Don’t underestimate this exercise just because it’s a bodyweight movement.  You’ll require an incredible amount of strength in your hamstrings to perform it correctly. 

If you can’t do a glute-ham raise, then check out my article on the best Glute Ham Raise Alternatives.

12.  Swiss Ball Leg Curl 

The swiss ball leg curl will also build strength and stability in your hamstrings

This movement requires the use of a stability ball.  You’ll start with your calves and ankles on the stability ball while you lay flat on your back.  You’ll then pull the ball into your glutes by driving your heels back and lifting your hips up toward the ceiling.  

If performed with a slower tempo and higher reps, you should get a solid training effect for your hamstrings.  I use this exercise with both beginner and advanced powerlifters.  

Related Article: Do Leg Curls Help Deadlifts? Yes, Here’s How

Core Exercises To Improve Deadlift Strength 

The core is a broad term to refer to different muscle groups that aid in stability of your limbs and joints.  For the purposes of the deadlift, the core refers to your spinal erectors, rectus (front abs), and obliques (side abs).  

  • The spinal erectors help prevent your spine from rounding under load  
  • The rectus prevents you from hyper-extending in the lock-out, i.e. leaning too far back
  • The obliques keep you from twisting the bar side-to-side and help stabilize your lats

If you have strong core muscles then you’ll be able to transfer force more effectively and you’ll prevent inefficiencies to your technique.  

In other words, having a strong core will allow you to increase strength and stay healthy. 

My three go-to core exercises are below.  However, if you want my full core recommendation and routine, check out my article on the 9 Best Ab Exercises For Powerlifters

13.  Weighted Plank 

The weighted front plank is a total core exercise that will build strength in both your rectus and spinal erectors. 

There is also the added benefit of training your shoulder stability, which is important for other exercises like the bench press, overhead press, and incline press.  

You’ll set up the weighted plank on your elbows and toes.  The torso should remain straight and stiff and you want to prevent your hips from ‘sagging’.  You’ll then place a plate on your mid back to make the exercise more difficult. 

I like to prescribe the plank anywhere between 30-60 seconds.  You can choose the same weight and go for a longer time, or continue to stack weight on your back (so long as you at least get to 30-sec). 

14.  Flying Bird Dog 

The flying bird dog promotes a neutral spine position, while at the same time working the low abs and erectors.  

It will also strengthen your hips, promote proper posture, and work out any imbalances between the right and left side.  Lifters will typically use the flying bird dog as a warm-up exercise for the deadlift to ensure the core muscles are activated prior to loading the body. 

While it’s only a bodyweight exercise, if you’re performing it properly, you should feel quite exhausted trying to keep your hips and spine neutral throughout the movement.  
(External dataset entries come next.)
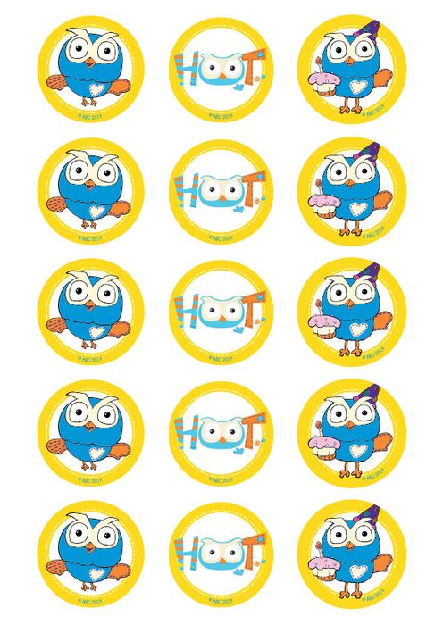 HOOT 2 INCH/5CM CUPCAKE IMAGE SHEET - 15 PER SHEET
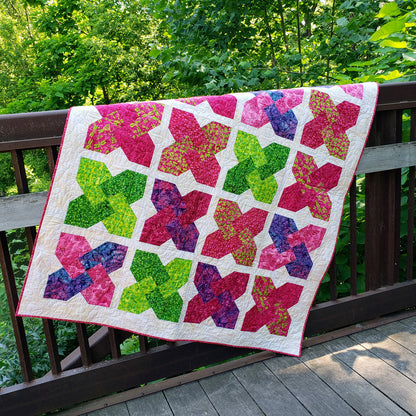 Choose contrasting medium-to-small-scale prints or solids for these clever woven kiss blocks. Thanks to stitch-and-flip techniques, the blocks are pieced using only squares. Suitable for a confident beginner, the pattern includes throw (60” x 73”), twin (66” x 93”), full (80” x 94”), queen (93” x 93”) and king (109” x 93”) sizes.
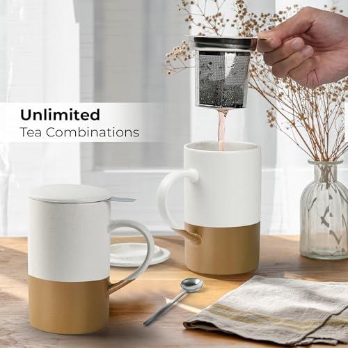 MIAMIO - Tea Cup Set 2 x 500 ml with Infuser and Lid/Ceramic Tea Mug with Infuser and Spoon for Steeping Loose Leaf Tea, Gifts for Tea Lovers - Microwave & Dishwasher Safe (Brown)

The flying bird dog is one of Dr. Stu McGill’s “big 3 core exercises” to help prevent low back pain, who is a back and pain specialist.  

15.  Dead Bug

The deadbug will work your rectus and low abs, both of which help stabilize your pelvis in the deadlift.  

The dead bug is commonly prescribed for people with chronic low back pain or people who have suffered a back injury, but it’s also an excellent general core exercise for powerlifters.  

It’s also another exercise that is ‘single-sided’, so you can work out any imbalances between your right and left side.  There is a high degree of coordination required to execute this movement effectively, which will improve your body control and awareness. .  

The key to doing this exercise effectively is as you draw your opposite arm and leg down to the floor, you don’t want to break contact with your low back from the ground.  

Grip Strength To Improve Deadlift Strength 

Your legs and back may be strong enough in the deadlift to complete the movement, but if your hands can’t hold onto the barbell then it will prevent the rest of your body from doing its job properly. 

Once you’ve developed a grip issue in the deadlift, it will take several months to get your grip strong enough where it doesn’t hinder the strength of your legs and back.  

This is why I always advocate for training your grip year-round regardless if you have a grip weakness or not.  

It doesn’t take much to keep your grip strong.  You simply need to program 1 grip exercise per week and to take it seriously, not treat it like an ‘afterthought’.  Below are a few of my favorites, although the number of grip exercises to improve deadlift strength is endless. 

Check out our article on how to Increase Deadlift By 100 Pounds: A Practical How-To Guide

16.  Farmer Walk 

The farmer walk is an exercise where you grab heavy dumbbells in each hand and walk for either a prescribed amount of time or distance. 

The grip is challenged simply by the time under tension that your hands are required to hold onto the dumbbells.  

17.  Barbell Holds 

The barbell hold is where you lift a heavy barbell up from the power rack and you stand in place while holding the barbell for as long as possible.  

Many powerlifters like to use a weight that is heavier than their 1 rep max deadlift.  This is because if you can hold onto a weight that’s heavier than normal for 10-15 seconds, then you’ll have no problem with your grip when it comes to deadlifting. 

18.  Hanging Leg Raises

The hanging leg raise is actually a core exercise where you hold onto the chin-up bar and lift your legs up so that they’re parallel to the floor.  

However, because your hands are required to grip your bodyweight for an extended amount of time while performing this movement, you’ll find that your grip is equally as challenged.  

Final Thoughts 

Each of the exercises in this article have a time and place in any well-rounded strength training program.  The key is selecting the movements that are going to be the most effective based on your areas of development.  

If you struggle at the top end of the deadlift, you’ll want to focus on glute and hamstring exercises to improve your deadlift  

If you struggle at the bottom end of the deadlift, you’ll want to focus on quad exercises to improve your deadlift. 

You’ll also want to assess the role of your back, core, and grip in the deadlift, and if you think there’s any lagging area you should implement the appropriate exercises to get stronger.